I speak for myself, not my employer. Contents may be hot. Slippery when
wet.
Reading disclaimers makes you go blind. Writing them is worse. You have
been
Warned.



Re: Duplicate content

Posted by Norberto Meijome <fr...@meijome.net>.
On Tue, 15 Jul 2008 10:48:14 +0200
Jarek Zgoda <ja...@redefine.pl> wrote:

> >> 2) I don't want to overwrite old content with new one. 
> >>
> >> Means, if I add duplicate content in solr and the content already
> >> exists, the old content should not be overwritten.  
> > 
> > before inserting a new document, query the index - if you get a result back,
> > then don't insert. I don't know of any other way.  
> 
> This operation is not atomic, so you get a race condition here. Other
> than that, it seems fine. ;)

of course - but i am not sure you can control atomicity at the SOLR level
(yet? ;) ) for /update handler - so it'd have to either be a custom handler, or
your app being the only one accessing and controlling write access to it that
way. It definitely gets more interesting if you start adding shards ;)

_________________________
{Beto|Norberto|Numard} Meijome

"All parts should go together without forcing. You must remember that the parts
you are reassembling were disassembled by you. Therefore, if you can't get them
together again, there must be a reason. By all means, do not use hammer." IBM
maintenance manual, 1975

I speak for myself, not my employer. Contents may be hot. Slippery when wet.
Reading disclaimers makes you go blind. Writing them is worse. You have been
Warned.

Re: Duplicate content

Posted by Jarek Zgoda <ja...@redefine.pl>.
Norberto Meijome pisze:

>> 2) I don't want to overwrite old content with new one. 
>>
>> Means, if I add duplicate content in solr and the content already
>> exists, the old content should not be overwritten.
> 
> before inserting a new document, query the index - if you get a result back,
> then don't insert. I don't know of any other way.

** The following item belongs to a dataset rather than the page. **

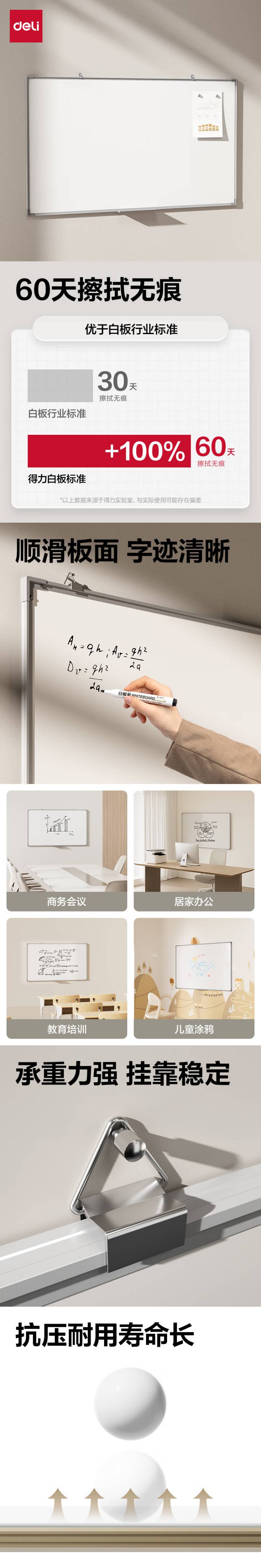 得力(deli) DP312 悬挂白板 1500*900mm (单位:块) 银色
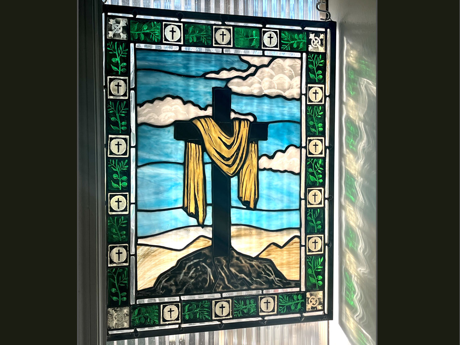 The Rock of Remembrance, Handmade Painted Stained Glass Cross Panel: Easter Theme,

This operation is not atomic, so you get a race condition here. Other
than that, it seems fine. ;)

-- 
We read Knuth so you don't have to. -- Tim Peters

Jarek Zgoda
re:define

Re: Duplicate content

Posted by Norberto Meijome <fr...@meijome.net>.
On Tue, 15 Jul 2008 13:15:41 +0530
"Sunil" <su...@truesparrow.com> wrote:

> 1) I don't want duplicate content.

SOLR uses the field you define as the unique field to determine whether a
document should be replaced or added. The rest of the fields are in your hands.
You could devise a setup whereby the document id is generated by hashing all
the other fields in your schema, thereby ensuring that a unique document id
means unique content (of course, for a meaning of 'uniqueness' that is
"different bytes" ;) )

> 2) I don't want to overwrite old content with new one. 
> 
> Means, if I add duplicate content in solr and the content already
> exists, the old content should not be overwritten.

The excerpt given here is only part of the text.